We now know one thing for sure: copying the xenophobic agenda of the Sweden Democrats will not work. It did not work for the conservative parties, and a ‘strict migration policy’ and the stigmatisation of ‘Somalitowns‘ didn’t prevent further losses from the Social Democrats to the Sweden Democrats either. 

Instead, the Swedish Social Democrats have two main tasks: 

Firstly, to stand up even more firmly for equal rights. In a racist society, Angela Davis reminds us, it is not enough to be non-racist. We must be anti-racist. The roar of triumph from the Sweden Democrats spreads fear. Fear of everyday racism, discrimination at work, hate crimes and violence. It is time to act. The trade unions must act, and other social movements, and all of us who are privileged: we must learn how to be anti-racist allies. The Social Democratic youth, SSU, have already changed their logo to the Drei Pfeile, the anti-fascist three arrows of the German labour movement in the 1930s.

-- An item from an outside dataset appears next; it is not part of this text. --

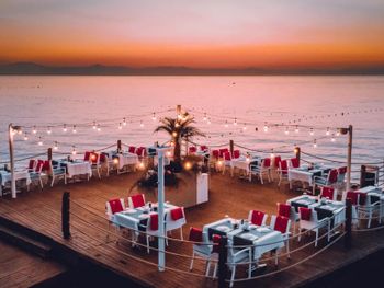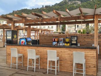 Весь день музыка очень громкая и агрессивная пьяная молодёжь, которая дорвалась до бесплатного алкоголя. Не хватает лежаков на пляже.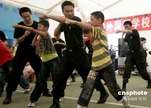 地震災(zāi)區(qū)的兒童節(jié):男孩向特警學(xué)習(xí)軍體拳

Secondly, to win back the voters lost to the Sweden Democrats, the progressive parties have to offer truly progressive politics. According to detailed exit polls, the Sweden Democrats have now almost as much support among workers as the Social Democrats (32 vs 29 per cent). But according to a recently published study, another factor might be even more important in explaining the success of the Sweden Democrats: they are the largest party among the unemployed, and the second largest party among those on sick leave. The living conditions of these groups deteriorated dramatically under the previous right-wing government (2006-14). It made massive cuts to the social insurance system: lowering unemployment benefits, making it much harder to receive sick leave, and increasing the income gaps between people at work and people on pension. 

During the past eight years, the Social Democrats have made very little to improve the situation of these groups, and the Swedish discontent has kept growing. Still, (with the exception of a long overdue increase of the lowest pensions under pressure from the Left Party) the Social Democrats didn’t campaign to do so either. In contrast to the Sweden Democrats.